• [SUPPLIED RECORDS]:
- Opening Delimiter -
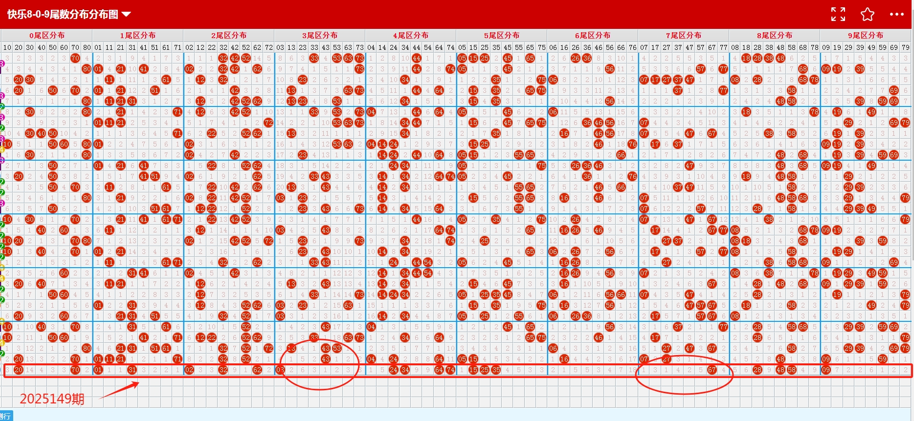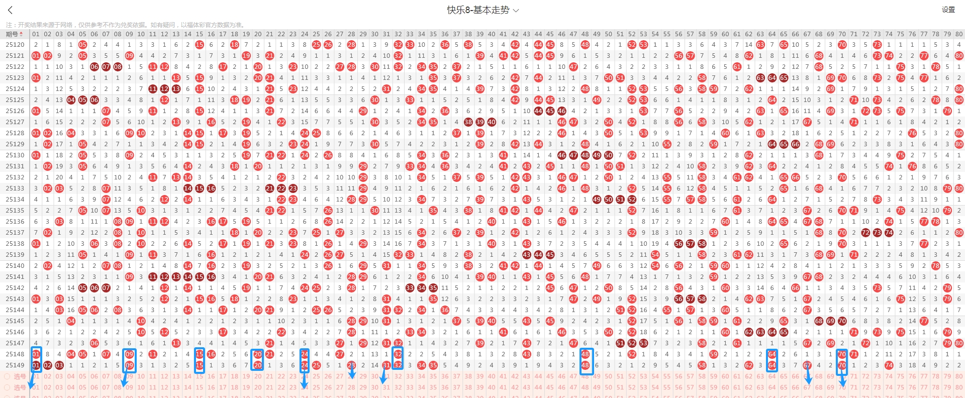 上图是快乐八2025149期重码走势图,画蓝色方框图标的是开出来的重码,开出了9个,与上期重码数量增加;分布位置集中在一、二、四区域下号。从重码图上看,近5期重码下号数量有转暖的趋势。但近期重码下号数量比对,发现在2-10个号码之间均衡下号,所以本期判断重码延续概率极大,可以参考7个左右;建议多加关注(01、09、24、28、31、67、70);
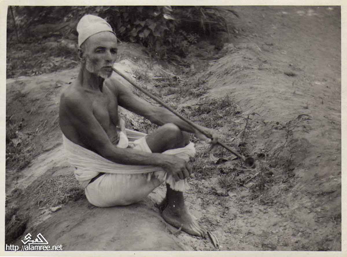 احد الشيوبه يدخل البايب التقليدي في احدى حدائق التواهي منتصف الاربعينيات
- Closing Delimiter -
- Opening Delimiter -
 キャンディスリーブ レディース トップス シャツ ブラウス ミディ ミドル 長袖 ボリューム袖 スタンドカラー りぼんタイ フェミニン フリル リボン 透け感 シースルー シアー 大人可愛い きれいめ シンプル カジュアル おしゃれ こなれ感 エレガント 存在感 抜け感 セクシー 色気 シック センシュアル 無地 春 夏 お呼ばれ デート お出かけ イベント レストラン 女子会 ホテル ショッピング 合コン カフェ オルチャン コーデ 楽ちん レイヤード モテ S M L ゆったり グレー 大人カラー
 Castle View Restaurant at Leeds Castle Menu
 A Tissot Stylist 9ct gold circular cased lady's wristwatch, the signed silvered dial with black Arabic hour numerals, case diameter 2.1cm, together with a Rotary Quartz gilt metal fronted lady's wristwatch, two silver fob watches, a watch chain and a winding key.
- Closing Delimiter -
• [EXERCISE REQUIREMENTS]: Give back exactly the lines of the listing above from the one that contains "上图是快乐八2025149期" up to and including the one that contains "احد الشيوبه يدخل", but not the pictures, and no other lines.

• [SOLUTION]:
 上图是快乐八2025149期重码走势图,画蓝色方框图标的是开出来的重码,开出了9个,与上期重码数量增加;分布位置集中在一、二、四区域下号。从重码图上看,近5期重码下号数量有转暖的趋势。但近期重码下号数量比对,发现在2-10个号码之间均衡下号,所以本期判断重码延续概率极大,可以参考7个左右;建议多加关注(01、09、24、28、31、67、70);
 احد الشيوبه يدخل البايب التقليدي في احدى حدائق التواهي منتصف الاربعينيات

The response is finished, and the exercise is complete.